Why it happens: A naive WHERE folder_id = :id only catches immediate children. Self-referential FK with unlimited nesting requires a recursive query to collect the full subtree.
How to avoid: Use WITH RECURSIVE CTE to collect all folder IDs in the subtree before deleting:
WITH RECURSIVE subtree AS (
SELECT id FROM folders WHERE id = :root_id AND user_id = :uid
UNION ALL
SELECT f.id FROM folders f
JOIN subtree s ON f.parent_id = s.id
WHERE f.user_id = :uid AND depth < 50
)
SELECT d.id, d.size_bytes, d.object_key
FROM documents d
JOIN subtree s ON d.folder_id = s.id
WHERE d.user_id = :uid
Warning signs: After deleting a folder tree, quotas.used_bytes does not match SUM(documents.size_bytes).
[ASSUMED: SQLite does not support WITH RECURSIVE for test runs — integration tests requiring this pattern must use PostgreSQL (INTEGRATION=1)]
Pitfall 2: Alembic Autogenerate Repeatedly Detects tsvector GIN Index
What goes wrong: After adding the GIN expression index in migration 0004, running alembic revision --autogenerate again generates a migration that drops and recreates the same index.
Why it happens: Alembic's autogenerate does not understand functional/expression indexes on PostgreSQL when the expression involves function calls like to_tsvector(). Known issue in Alembic.
How to avoid: Write the GIN index migration manually (as raw op.execute(CREATE INDEX...)) and do NOT add the index to the ORM model's __table_args__. Keep it only in the migration. Document with a comment # managed manually — do not autogenerate.
Warning signs: Repeated alembic revision --autogenerate output shows DROP INDEX / CREATE INDEX for ix_documents_fts on every run.
[CITED: https://github.com/sqlalchemy/alembic/issues/1390]

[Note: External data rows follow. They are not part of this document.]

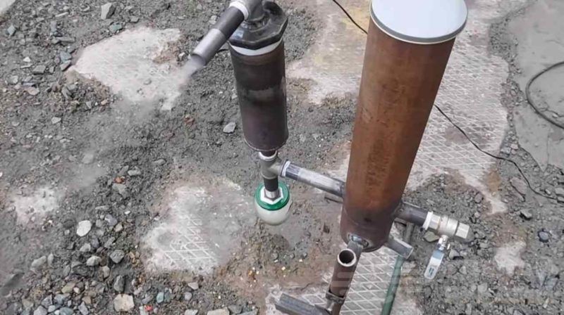 От задвижки отступаем расстояние, равное длине зольника (вместо с болтом и воротком) и высверливаем в этом месте сквозное отверстие под удлиненный сгон на ¾.
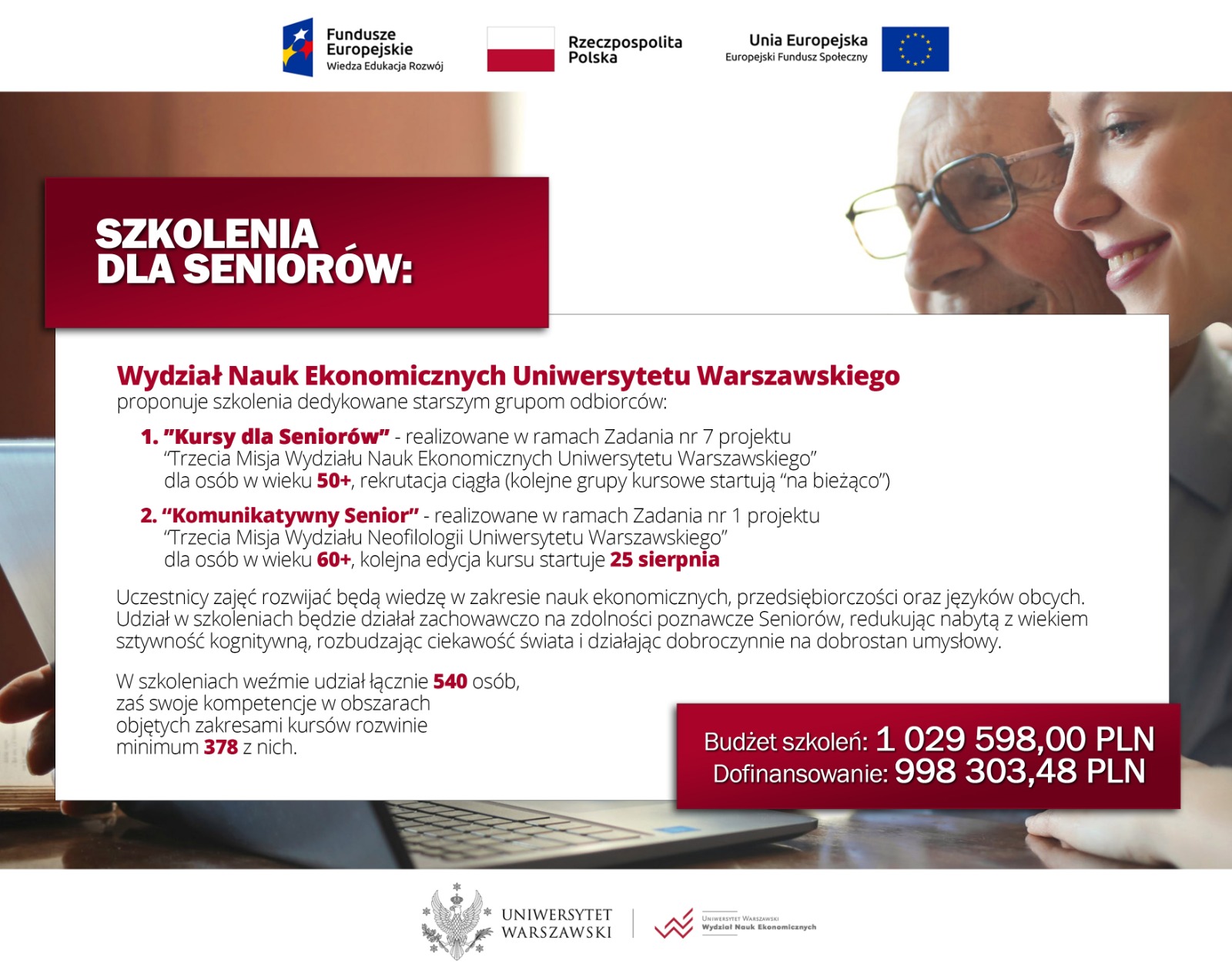 2. Drugie z proponowanych szkoleń „Kursy dla seniorów” ma na celu aktywizację seniorów z całej Polski (w wieku 50+) z wykorzystaniem opracowanego programu kształcenia w zakresie nauk ekonomicznych i przedsiębiorczości. Organizowane zajęcia będą miały charakter spotkań tematycznych, poświęconych różnym zagadnieniom ekonomicznym i psychologicznym. Każde spotkanie będzie trwać 1,5 godziny. Na zajęciach omawiane są m.in. następujące tematy:
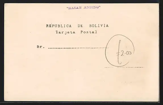 Personenbezogene Daten auf der Rückseite der Karte wurden durch blauen Textmarker unkenntlich gemacht. Die blauen Stellen sind auf die Vorderseite durchgeweicht und wirken sich negativ auf das Postkartenfoto aus

Pitfall 3: PDF Streaming Proxy — Admin Access
What goes wrong: Admin user calls GET /api/documents/{id}/content and receives document bytes.
Why it happens: Using get_current_user instead of get_regular_user on the proxy endpoint.
How to avoid: The proxy endpoint MUST use get_regular_user dep, which raises HTTP 403 for user.role == 'admin'. This is established in Phase 3 (D-16) and must be applied to the proxy endpoint.
Warning signs: Security test test_admin_cannot_access_document_content fails or is absent.
[VERIFIED: codebase — backend/deps/auth.py get_regular_user raises 403 for admin role]
Pitfall 4: Share IDOR — Recipient Accesses Another Recipient's Share
What goes wrong: User A shares document with User B. User C (also a recipient of a different share on the same document, or just any user) can enumerate share IDs and revoke or view shares they don't own.
Why it happens: DELETE /api/shares/{share_id} checks only that the share exists, not that share.owner_id == current_user.id.
How to avoid: Ownership assertion on all share mutation endpoints:
share = await session.get(Share, share_id)
if share is None or share.owner_id != current_user.id:
raise HTTPException(404, "Share not found")
Warning signs: Security test test_share_revoke_wrong_owner_returns_404 is absent.
[ASSUMED: standard IDOR prevention pattern per CLAUDE.md; test must be written]
Pitfall 5: write_audit_log Does Not Include IP Address
What goes wrong: ip_address column is left NULL for all events because the handler does not extract it from the request.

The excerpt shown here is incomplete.